米軍佐世保基地司令部の前の掲揚ポールの1つに国連旗がかかっている。朝鮮戦争がいまだ終結せず、米軍は「朝鮮国連軍」でありつづけているからだ。
朝鮮国連軍は、朝鮮戦争勃発により国連安全保障理事会の決議(ソ連欠席の下で採択)にもとづき、1950年7月に創設され、東京に司令部が置かれた。53年7月に休戦協定が成立し、57年7月に在韓米軍司令部がソウルの龍山基地に創設され、朝鮮国連軍司令部も東京から龍山基地に移された。国連軍司令官は在韓米軍司令官が兼務している。
その結果、日本には朝鮮国連軍後方司令部が設立された。当初は神奈川県のキャンプ座間に置かれたが,2007年11月に横田飛行場に移転した。現在、ウィリアムズ司令官(豪空軍大佐)他3名が常駐しているほか,9か国(オーストラリア,イギリス,カナダ,フランス,イタリア,トルコ,ニュージーランド,フィリピン,タイ)の駐在武官が朝鮮国連軍連絡将校として在京各国大使館に常駐している(外務省18年4月27日)。

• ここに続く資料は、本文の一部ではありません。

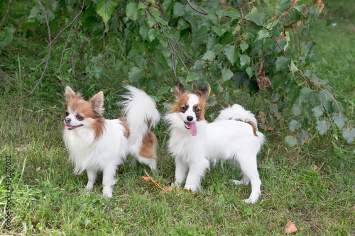 Continental toy spaniel puppy and chihuahua puppy are standing on a green grass in the summer park. Pet animals.
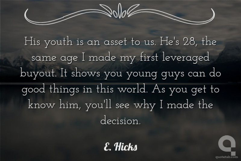 His youth is an asset to us. He's 28, the same age I made my first leveraged buyout. It shows you young guys can do good things in this world. As you get to know him, you'll see why I made the decision.
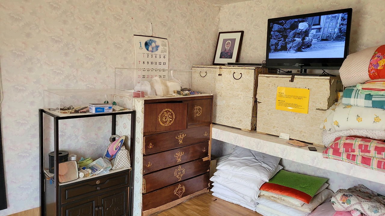 생전에 쓰시던 주방도구와 옷가지, 침구류 등 세간살이들이 그대로 보존되어 있다. 젊었을 때 모습을 포함한 사진 액자가 여러 개 벽에 걸려 있다. 달력은 2001년 1월에 멈추어 있다.
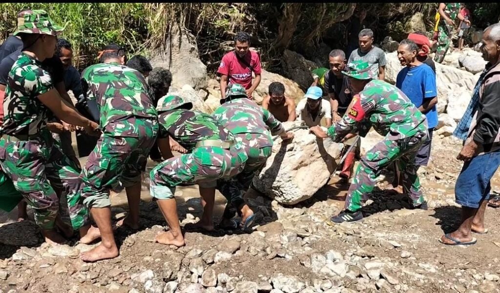 Dansatgas Pamtas RI-RDTL Yonif 743/PSY Letkol Inf Andi Lulianto dalam keterangannya di Makotis, mengungkapkan bahwa anggota Pos Manusasi bersama warga bergotong royong memperbaiki jalan yang rusak akibat banjir, yang merupakan penghubung di Desa Manusasi.
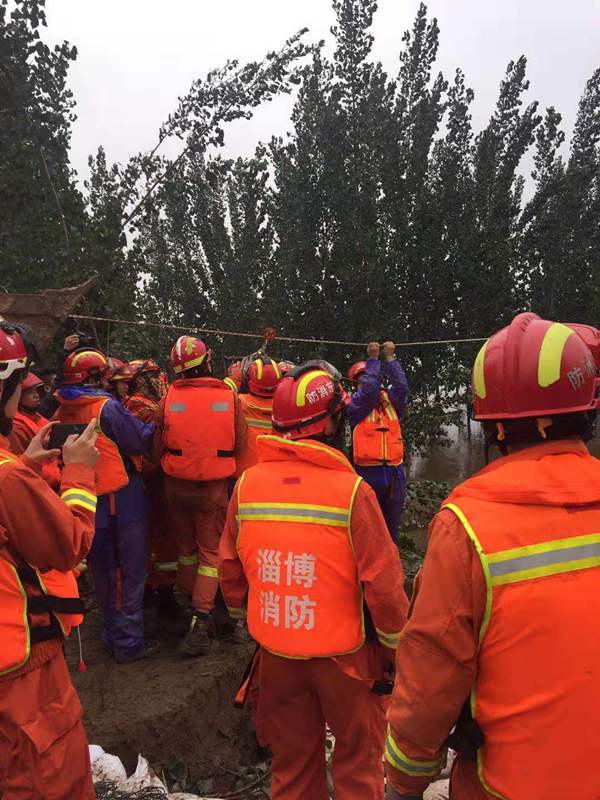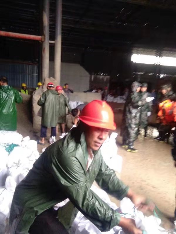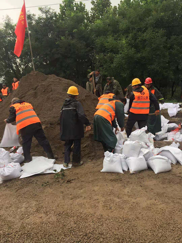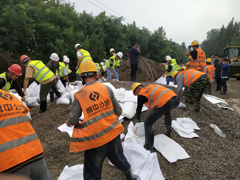 受“利奇馬”影響,8月10號(hào)到12號(hào)淄博市普降暴雨,孝婦河水位暴漲,袁家橋村段發(fā)生兩處50米、10米的決口,附近村莊被淹,情況危急。在項(xiàng)目自身受到臺(tái)風(fēng)與洪水影響的情況下,魯中公路經(jīng)開區(qū)分公司自8月11日17時(shí)開始,分批次投入搶險(xiǎn)人員34人,搶險(xiǎn)車輛7臺(tái),冒雨投入到抗洪救災(zāi)搶險(xiǎn)工作中。8月12日4時(shí),魯中公路柳園路孝婦河橋項(xiàng)目部又組織11人救援小組與一臺(tái)裝載機(jī)雨中再次奔赴搶險(xiǎn)救援現(xiàn)場(chǎng)。在省、市、開發(fā)區(qū)、及市交通運(yùn)輸局等領(lǐng)導(dǎo)的督導(dǎo)下,水利專家的指導(dǎo)下,魯中公路與500多名武警官兵、公安干警、消防戰(zhàn)士,及經(jīng)開區(qū)管委會(huì)、經(jīng)開區(qū)各施工單位,當(dāng)?shù)孛癖姷?000多人經(jīng)過兩天近50個(gè)小時(shí)的日夜奮戰(zhàn),8月13日下午16時(shí),袁家橋段缺口成功堵住。
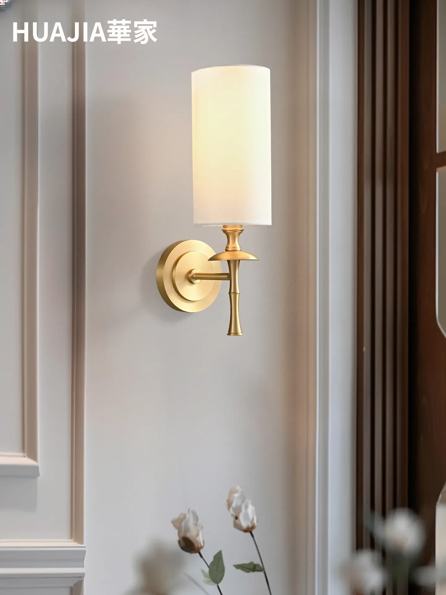 アメリカンレトロ全銅壁灯 - ラグジュアリーなシンプルデザインの寝室用ベッドサイドランプ、別荘にぴったりな高級感あふれる廊下・階段照明!

1954年に締結された国連軍地位協定に基づいて国内7か所の在日米軍施設・区域(横田飛行場、キャンプ座間、横須賀海軍施設、佐世保海軍施設、嘉手納飛行場、普天間飛行場、ホワイトビーチ地区)が国連軍の基地に指定され、派兵国が使用できることになっている。
米朝の緊張が高まる中、今年1月16日、北朝鮮の核・ミサイル問題をめぐり朝鮮国連軍の派遣国など20か国が参加する外相会合がカナダで開かれた。米国の呼びかけによるもので北朝鮮への圧力維持と強化で一致した。第二次朝鮮戦争も辞さないとの威嚇ともみられる。

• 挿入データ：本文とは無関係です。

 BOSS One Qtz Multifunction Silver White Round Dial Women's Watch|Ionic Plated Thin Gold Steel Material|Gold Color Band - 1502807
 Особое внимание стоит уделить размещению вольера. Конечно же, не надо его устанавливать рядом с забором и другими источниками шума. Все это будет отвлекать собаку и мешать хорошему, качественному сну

今年4月には、北朝鮮が洋上で違法に物資を積み替える「瀬取り」を監視するため、国連軍地位協定に基づいてオーストラリア軍とカナダ軍の哨戒機が嘉手納飛行場を拠点に警戒監視活動を行った。
事態は悪化する一方の米朝関係だったが平昌オリンピックを機に情勢は急展開した。4月27日の南北首脳会談で「年内の終戦宣言」「休戦協定の平和協定への転換」が合意された。6月12日には史上初の米朝会談も実現した。内容に乏しいとの指摘もあるが、半年前は米朝首脳が「ロケットマン」「精神が錯乱したアメリカの老いぼれ」と罵りあっていたことを考えれば大きな前進であり、少しではあるが成果も出始めている。1985年10月に米ソ首脳がジュネーブで会談して核兵器の削減と冷戦の終結の議論を始めた。レイキャビック、ワシントン、モスクワと会談は続けられ、冷戦が終結したのは4年後のマルタ会談だった。
佐世保基地の国連旗が下ろされる時、北東アジアの安全保障環境は本当に激変する。
【追記】
2018年6月29日、在韓米軍司令部は龍山基地からキャンプ・ハンフリーズに移転した。これにともない、国連軍司令部もキャンプ・ハンフリーズに移転となった。